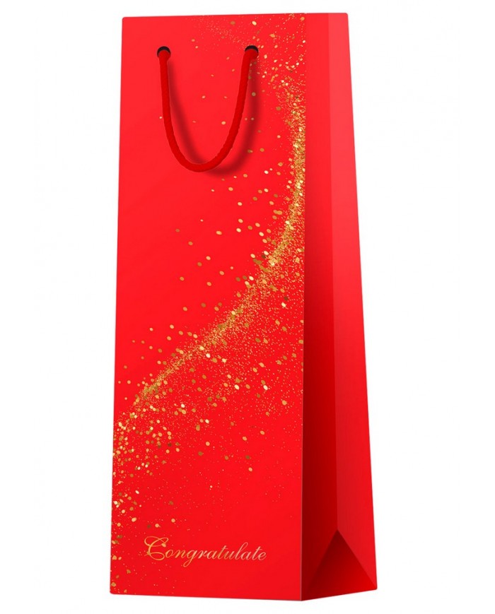 Стильный подарочный пакет MESHU выделит ваш презент из массы других. Размер пакета – 12*36*8,5 см. Продолговатая форма пакета даст возможность положить бутылку шампанского, вина, коньяка и других спиртных напитков. Пакет изготовлен из матового ламинированного картона с отделкой фольгой. Ручки пакета – прочный шнурок. • Материал: ламинированный картон; • Размер пакета: 12*36*8,5 см; • Вид ручек: лента; • Ориентация: вертикальная.
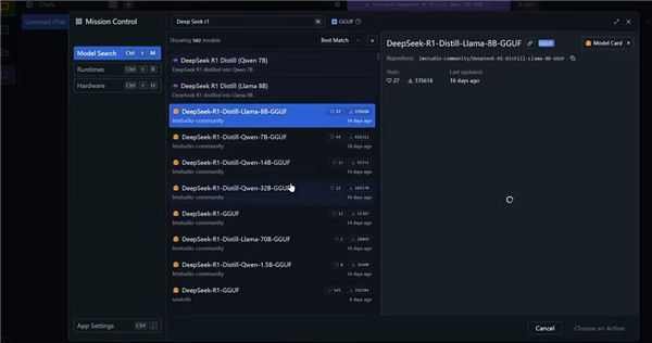 然后下载合适的模型,在主界面上方选择已下载的模型,然后调高“GPU Offload”的数值,不同选项的具体含义可自行搜索或者直接询问DeepSeek。
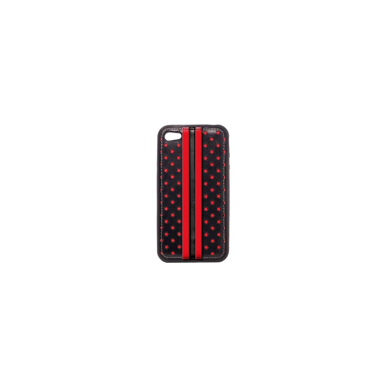 Coque bi-matières noire avec étoiles micro perforées rouges, et rayures fines Racing rouges, pour iPhone 4
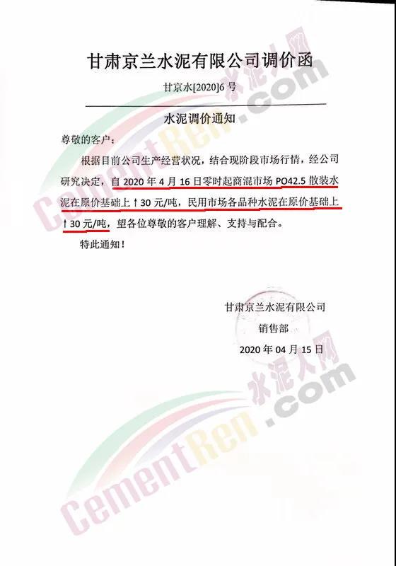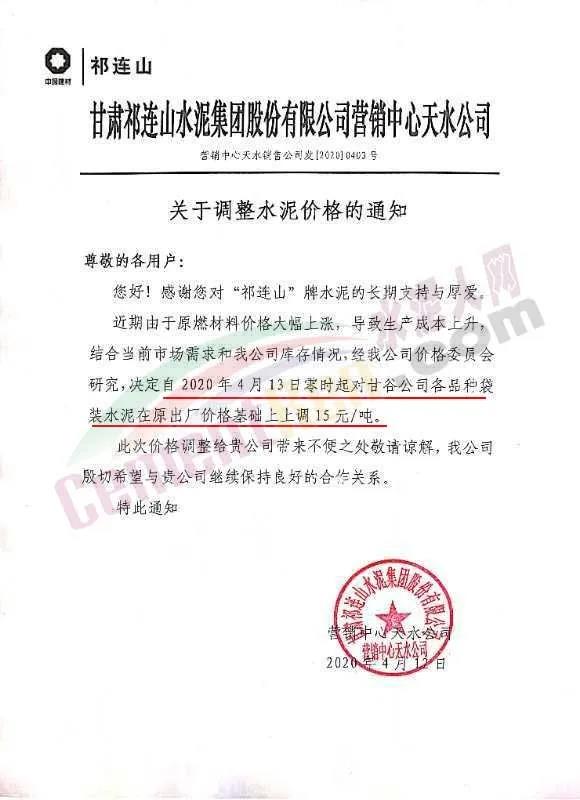 甘肅三易水泥有限責(zé)任公司調(diào)價(jià)通知稱,受疫情影響,致使公司生產(chǎn)原材料及運(yùn)輸成本大幅度增漲,經(jīng)公司研究決定自4月16日零時(shí)起,對(duì)公司所生產(chǎn)的各品種水泥在現(xiàn)有價(jià)格基礎(chǔ)上上調(diào)30元/噸。
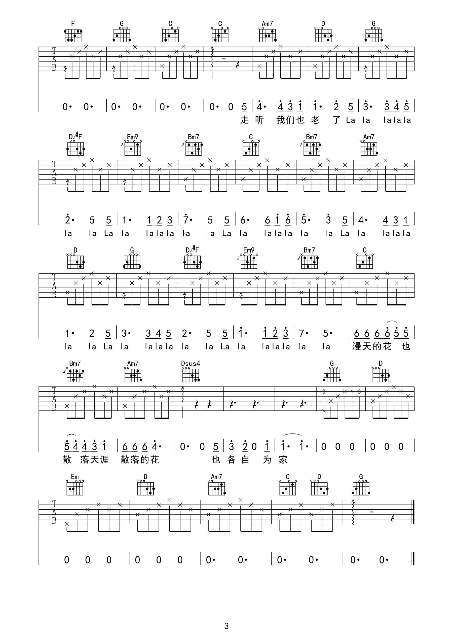 当前位置:琴谱网>吉他弹唱>花落知多少
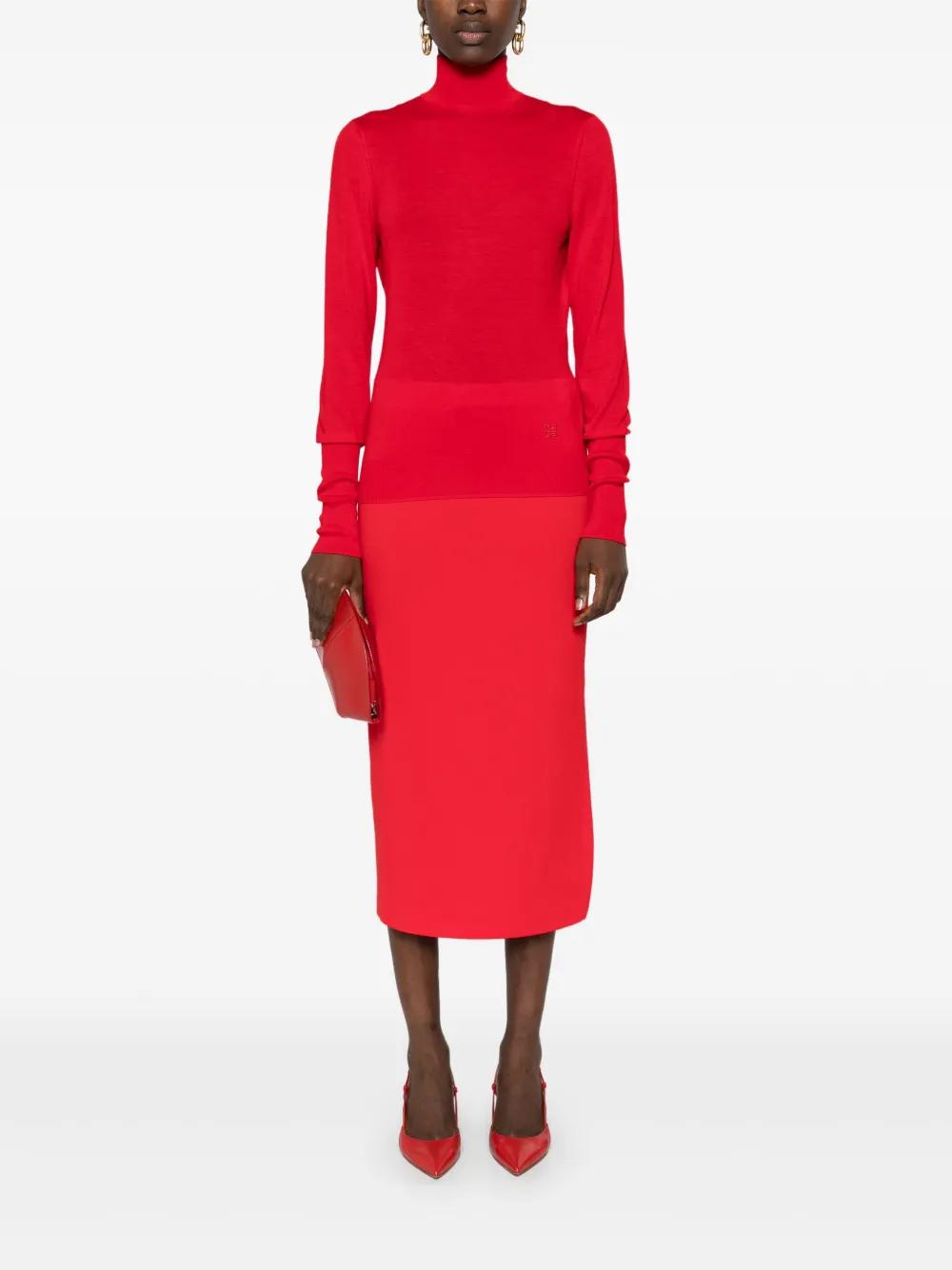 cardinal red wool fine knit draped open back ribbed high neck long sleeves ribbed cuffs and hem
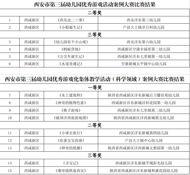在优秀游戏活动案例中,西安沣东第三幼儿园等6所幼儿园荣获二等奖2个、三等奖4个;在游戏化集体教学活动(科学领域)案例中西咸新区沣东后卫馨佳苑幼儿园等9所幼儿园荣获一等奖4个、二等奖3个、三等奖2个。在西安市第三届幼儿园保育专业技能大赛中,西咸新区7名幼儿园教师分别荣获一等奖1名、二等奖2名、三等奖4名。
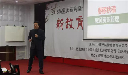 2016年12月03日,2016易道師苑高峰論壇暨“新教育·新營銷”全國研討會(菏澤站)于菏澤市牡丹區(qū)明珠大酒店正式拉開帷幕。以菏澤市為中心的易道部落校長們以及對幼兒教育事業(yè)發(fā)展感興趣的各界人士相聚于此,中國家庭孵化教育工程首席導師、中國手腦潛能教育研究院執(zhí)行院長、易道教育集團常務副總經(jīng)理、副校監(jiān)季永剛先生、易道教育集團加盟事業(yè)部市場拓展部部長張紹輝先生蒞臨會議現(xiàn)場,現(xiàn)場座無虛席,氛圍高漲!
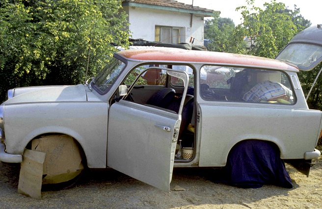 Wir treffen zwei junger Frauen mit ihren Kindern aus Waiblingen bei Stuttgart. Die ein ist mit ihrem Freund aus Leipzig hier verabredet. Es ist ein herzliches Deutsch-Deutsches Verhältnis. Abend wird gefeiert, ein Bulgare will die Damen mit ihren Kindern in ihr Quartier nach Sosopol fahren. Ich gebe ihm die Schlüssel meines Trabbis aber er kommt mit dem Zweitakter nicht klar. Eine verhängnisvolle Entscheidung, ich setze mich ans Steuer, die 8 km geht das schon. Am Ortseingang von Sosopol stehen die Männer in Uniform mit Elektronik bewaffnet und fangen mich ab. Das Ende vom Lied, sie fahren mich mit meinem Trabbi zurück nach Arkutino, die Familien nach Sosopol und nehmen vorsichtshalber meinen Personalausweis mit. Bis morgen dann in Burgas! Der Spaß kostet 200 Leva (rund 600 Ostmark), eine Meldung an die Botschaft der DDR wäre noch schlimmer. Ich verkaufe mein Teleobjektiv und bezahle. Am Strand dann in Arkutino Deutsch-Deutsche Solidarität. Die Damen sammeln und fragen nur noch: DM oder Leva? Welche Frage, aber hier in Bulgarien nützen uns nur die Leva. Schweren Herzens. Der Schaden ist begradigt, das Leben geht weiter, wir bleiben noch einen Tag und fahren Richtung Nessebar. |
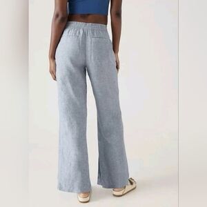ATHLETA Chambray Blue RETREAT LINEN WIDE LEG Pants Sz 6
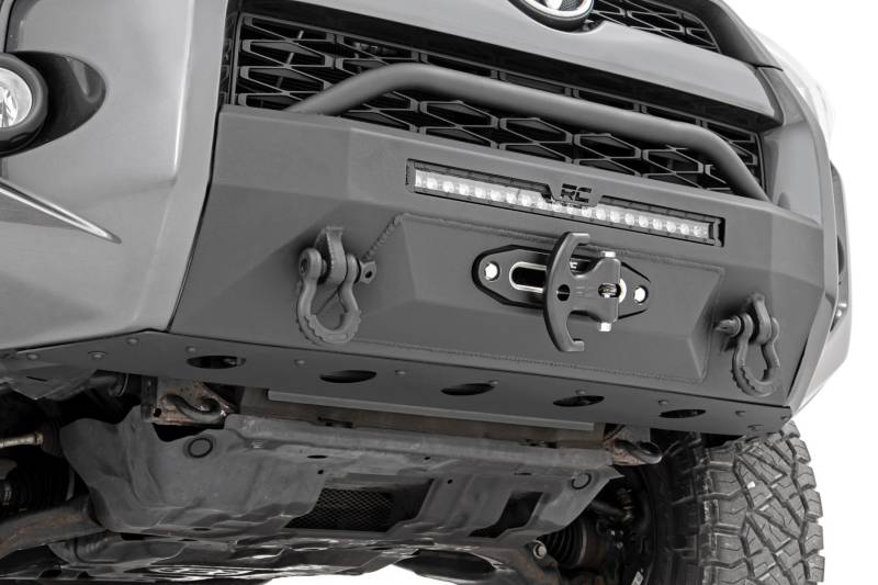 - Rugged Durability: Finished in a corrosion-resistant black powder coat to withstand the elements and trail abuse.\ Winch-Ready Design: Comes with a heavy-duty winch mounting plate for reliable recovery and off-road readiness.\ Integrated Stinger Bar: Adds extra front-end protection while giving your 4Runner an aggressive, off-road-ready look.\ Fully Modular: Customize your bumper with the exact configuration that fits your style and performance needs.\ High-Performance LED Lighting Options: Choose from three configurations of Rough Country's 20-Inch LED Light Bar: standard (no DRL), with amber DRL, or with white DRL, delivering 7200 lumens of powerful trail illumination.\ Recovery-Ready: Includes reinforced D-Ring mounts and heavy-duty D-Rings for dependable towing and recovery..

• • •

» **Your instructions**: Restate each entry word for word; omit the pictures.

» **Worked solution**:
 Стильный подарочный пакет MESHU выделит ваш презент из массы других. Размер пакета – 12*36*8,5 см. Продолговатая форма пакета даст возможность положить бутылку шампанского, вина, коньяка и других спиртных напитков. Пакет изготовлен из матового ламинированного картона с отделкой фольгой. Ручки пакета – прочный шнурок. • Материал: ламинированный картон; • Размер пакета: 12*36*8,5 см; • Вид ручек: лента; • Ориентация: вертикальная.
 然后下载合适的模型,在主界面上方选择已下载的模型,然后调高“GPU Offload”的数值,不同选项的具体含义可自行搜索或者直接询问DeepSeek。
 Coque bi-matières noire avec étoiles micro perforées rouges, et rayures fines Racing rouges, pour iPhone 4
 甘肅三易水泥有限責(zé)任公司調(diào)價(jià)通知稱,受疫情影響,致使公司生產(chǎn)原材料及運(yùn)輸成本大幅度增漲,經(jīng)公司研究決定自4月16日零時(shí)起,對(duì)公司所生產(chǎn)的各品種水泥在現(xiàn)有價(jià)格基礎(chǔ)上上調(diào)30元/噸。
 当前位置:琴谱网>吉他弹唱>花落知多少
 cardinal red wool fine knit draped open back ribbed high neck long sleeves ribbed cuffs and hem
在优秀游戏活动案例中,西安沣东第三幼儿园等6所幼儿园荣获二等奖2个、三等奖4个;在游戏化集体教学活动(科学领域)案例中西咸新区沣东后卫馨佳苑幼儿园等9所幼儿园荣获一等奖4个、二等奖3个、三等奖2个。在西安市第三届幼儿园保育专业技能大赛中,西咸新区7名幼儿园教师分别荣获一等奖1名、二等奖2名、三等奖4名。
 2016年12月03日,2016易道師苑高峰論壇暨“新教育·新營銷”全國研討會(菏澤站)于菏澤市牡丹區(qū)明珠大酒店正式拉開帷幕。以菏澤市為中心的易道部落校長們以及對幼兒教育事業(yè)發(fā)展感興趣的各界人士相聚于此,中國家庭孵化教育工程首席導師、中國手腦潛能教育研究院執(zhí)行院長、易道教育集團常務副總經(jīng)理、副校監(jiān)季永剛先生、易道教育集團加盟事業(yè)部市場拓展部部長張紹輝先生蒞臨會議現(xiàn)場,現(xiàn)場座無虛席,氛圍高漲!
 Wir treffen zwei junger Frauen mit ihren Kindern aus Waiblingen bei Stuttgart. Die ein ist mit ihrem Freund aus Leipzig hier verabredet. Es ist ein herzliches Deutsch-Deutsches Verhältnis. Abend wird gefeiert, ein Bulgare will die Damen mit ihren Kindern in ihr Quartier nach Sosopol fahren. Ich gebe ihm die Schlüssel meines Trabbis aber er kommt mit dem Zweitakter nicht klar. Eine verhängnisvolle Entscheidung, ich setze mich ans Steuer, die 8 km geht das schon. Am Ortseingang von Sosopol stehen die Männer in Uniform mit Elektronik bewaffnet und fangen mich ab. Das Ende vom Lied, sie fahren mich mit meinem Trabbi zurück nach Arkutino, die Familien nach Sosopol und nehmen vorsichtshalber meinen Personalausweis mit. Bis morgen dann in Burgas! Der Spaß kostet 200 Leva (rund 600 Ostmark), eine Meldung an die Botschaft der DDR wäre noch schlimmer. Ich verkaufe mein Teleobjektiv und bezahle. Am Strand dann in Arkutino Deutsch-Deutsche Solidarität. Die Damen sammeln und fragen nur noch: DM oder Leva? Welche Frage, aber hier in Bulgarien nützen uns nur die Leva. Schweren Herzens. Der Schaden ist begradigt, das Leben geht weiter, wir bleiben noch einen Tag und fahren Richtung Nessebar. |
ATHLETA Chambray Blue RETREAT LINEN WIDE LEG Pants Sz 6
 - Rugged Durability: Finished in a corrosion-resistant black powder coat to withstand the elements and trail abuse.\ Winch-Ready Design: Comes with a heavy-duty winch mounting plate for reliable recovery and off-road readiness.\ Integrated Stinger Bar: Adds extra front-end protection while giving your 4Runner an aggressive, off-road-ready look.\ Fully Modular: Customize your bumper with the exact configuration that fits your style and performance needs.\ High-Performance LED Lighting Options: Choose from three configurations of Rough Country's 20-Inch LED Light Bar: standard (no DRL), with amber DRL, or with white DRL, delivering 7200 lumens of powerful trail illumination.\ Recovery-Ready: Includes reinforced D-Ring mounts and heavy-duty D-Rings for dependable towing and recovery..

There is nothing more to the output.